Это было в Москве, в Марьиной Роще. Еще шла война. Он был уверен, что Можаева давно нет в живых, и удивился словам матери: «Клавдий Иванович поживет».
Когда они отступали, Можаева втолкнули в какую-то машину, идущую на восток. Рыжий санинструктор роты сказал: «Не дотерпит до госпиталя…»
— Почему ты не сообщила мне раньше? — спросил Замятин у матери.
— Мне не хотелось. Ты больше года лежал в госпитале.
— Значит, вы поженились?
— Да.
Замятин привык думать о Можаеве неуважительно, с презрением и сейчас не смог принять того, о чем сообщила мать.
После госпиталя еще плохо было с нервами, и Замятин сорвался, истерично накричал, как никогда еще в жизни ни на кого не кричал. Мать выслушала его с помертвевшим лицом, потом сказала:
— Нельзя быть таким прямолинейным, Сережа.
Ночью, в тесной Зининой каморке, где разместились они каким-то чудом, Замятин слышал, как мать плакала, уткнувшись в подушку. Ему было жаль ее, и потому с еще большей злостью он думал о Можаеве.
Наутро Зина утащила его из дому.
— Неужели ты такой осел? — спросила она на улице.
— Представь себе: такой осел.
— Да ведь она его любит!
— Разве можно любить сразу двоих?
— Ты что думаешь: каждая женщина — Сольвейг?!
— Ого! Откуда у тебя такое образование?
— Из нашей общей кухни. Поторчи там как-нибудь день. Тебе полезно… А Светика не трогай. Я не дам. Ей не обязательно любить лишь того, кто понравится тебе…
— А тебе этот Можаев нравится?
— Я его никогда не видела. Но отец говорил о нем хорошо.
— Что же он мог говорить о нем хорошего?
— А ты не ерепенься, если ничего не понимаешь. Они были большими друзьями. Еще совсем молодыми работали в продотряде. Он был очень верный друг, душевный.

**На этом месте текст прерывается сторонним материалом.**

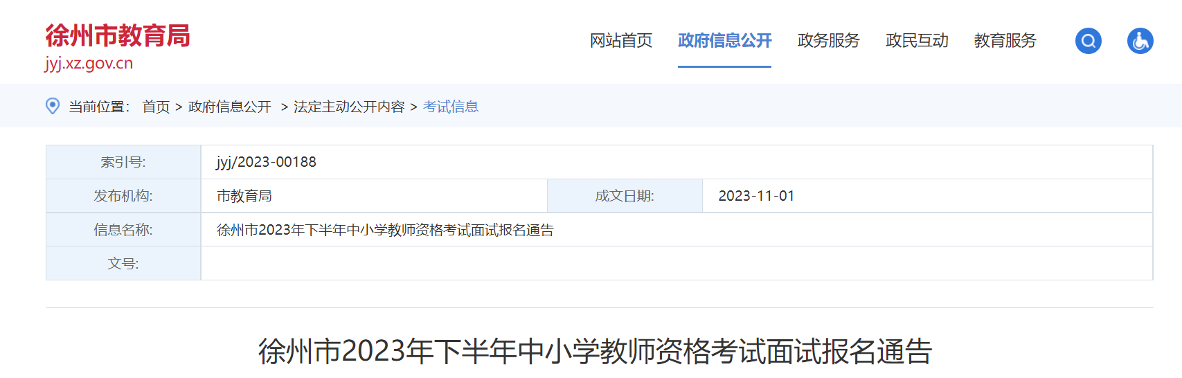 從徐州市教育局獲悉,2023下半年江蘇徐州中小學(xué)教師資格考試面試報(bào)名通告已公布,審核時(shí)間為11月10日-12日,具體詳情如下:

— То-то этот верный увел от него…
— Эх, ты! Жив был бы отец, он бы тебя отхлестал по щекам. Он сумел понять, что у них была любовь. Он сумел, а ты — нет, потому что ты еще очень, очень узенький, а отец был настоящий мужчина… Ты вот не знаешь, что Можаев всю жизнь мучался, что нанес обиду отцу.
— Я знаю его другим, и побольше тебя.
— Ничего ты не знаешь, просто придумал. Сыновья ревность.
— Я видел его на войне.
— Видел, да не понял. А сейчас не лезь!
Замятин согласился сделать вид, что ничего не случилось.
Но самое главное началось потом, когда мать получила комнату и приехал Можаев. Щеки у него были впалые, сквозь роговые очки, которым он так и не изменил, поблескивали глаза, покатые плечи сутулились под гимнастеркой старого образца. Это была встреча с призраком, внезапно выплывшим из фронтовых лесов. Замятин оглядывал его, брезгливо думая: «Что нашла в нем мать?» Он старался держаться подальше от Можаева, избегая прямых взглядов и разговоров. Можаев не выдержал и заговорил первым.
— Чего ты не можешь простить мне, Сережа? — спросил он.
— Винтовки! — Замятин стиснул зубы. — Я слышал ваш разговор с Чухонцевым тогда у базы в лесу.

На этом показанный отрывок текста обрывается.